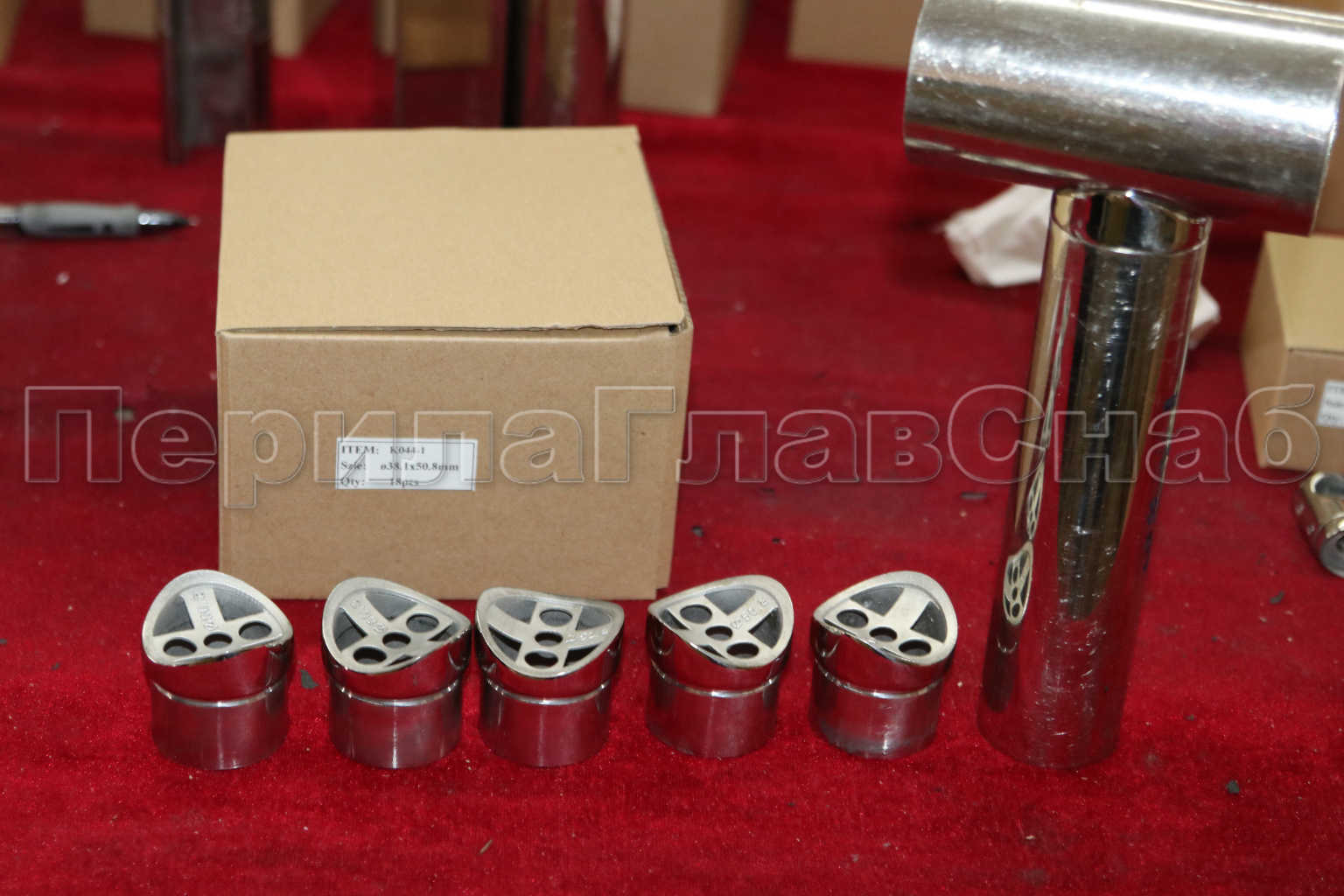 Наконечник седловина прямая 90° на стойку Ø38.1 мм, под поручень Ø50.8 мм, литая, полированная, AISI 304, k044-1
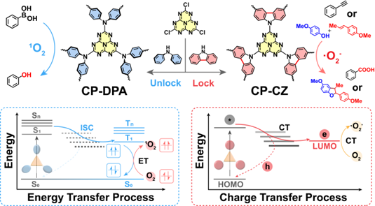 本文通过对CPs构筑单元内仅一根化学键的改变,成功制备了两种具有不同催化行为的七嗪基CPs材料。由于苯环之间的旋转,CP-DPA的激子更容易发生ISC产生三重态激子,进而通过能量传递产生1O2。CP-DPA在1O2驱动的苯硼酸氧化反应中呈现出超高的光催化活性和选择性。相比之下,由于化学键的固定,CP-CZ的激子解离能力更强,更倾向于发生电荷转移产生·O2-。CP-CZ在·O2-驱动的苯乙炔氧化和[3+2]环加成反应中表现出优异的光催化活性和选择性。这项工作为在原子尺度上通过调节光催化剂的组成和结构来调控ROS的生成提供了重要的参考和启示。
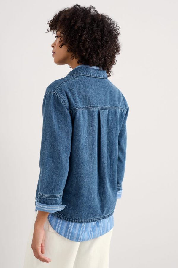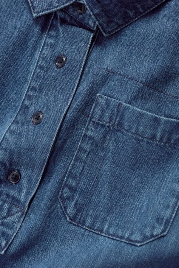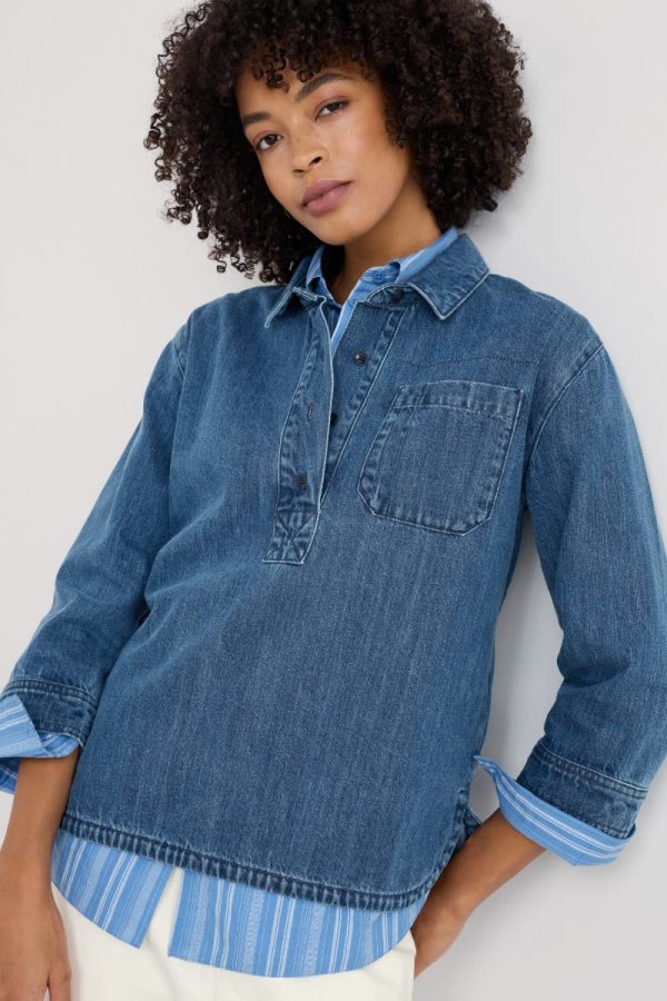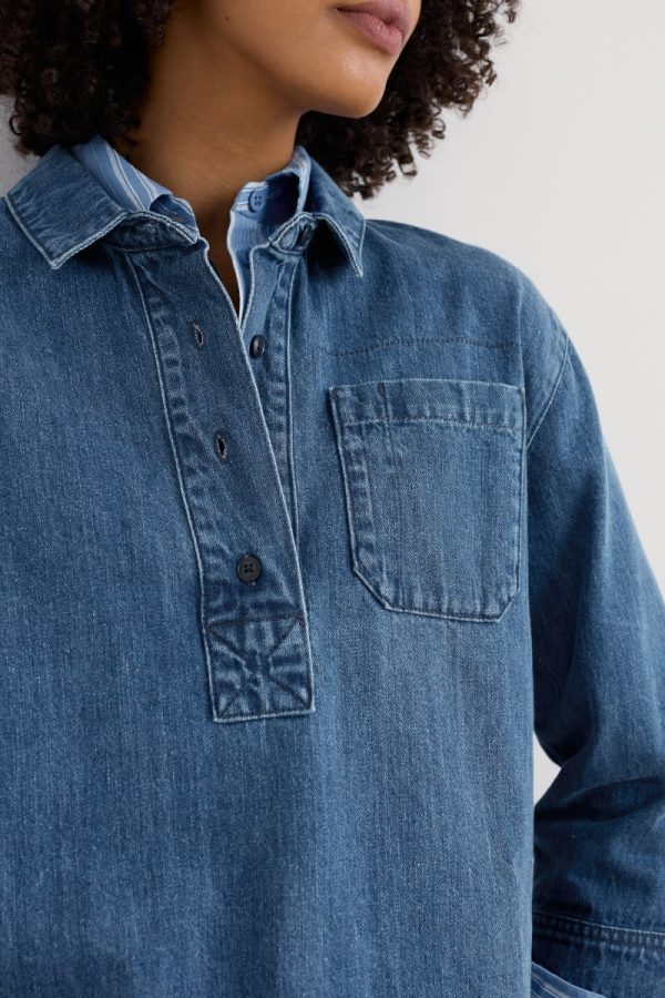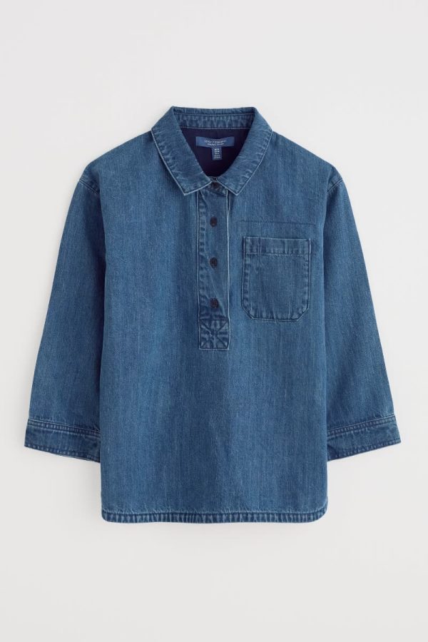 The classic casual shirt is back, with an authentic denim washed finish. Time-honoured details include a collar, chest pocket and buttoned half-placket, with laid-back three-quarter sleeves. The curved hem and relaxed fit make are perfect for wearing over your waistband.

▶ **To do**:
Output, exactly as written, only the lines from the beginning of the listing through the line containing "本文通过对CPs构筑单元内仅", both included, and no pictures.

▶ **Task solution**:
 Наконечник седловина прямая 90° на стойку Ø38.1 мм, под поручень Ø50.8 мм, литая, полированная, AISI 304, k044-1
 本文通过对CPs构筑单元内仅一根化学键的改变,成功制备了两种具有不同催化行为的七嗪基CPs材料。由于苯环之间的旋转,CP-DPA的激子更容易发生ISC产生三重态激子,进而通过能量传递产生1O2。CP-DPA在1O2驱动的苯硼酸氧化反应中呈现出超高的光催化活性和选择性。相比之下,由于化学键的固定,CP-CZ的激子解离能力更强,更倾向于发生电荷转移产生·O2-。CP-CZ在·O2-驱动的苯乙炔氧化和[3+2]环加成反应中表现出优异的光催化活性和选择性。这项工作为在原子尺度上通过调节光催化剂的组成和结构来调控ROS的生成提供了重要的参考和启示。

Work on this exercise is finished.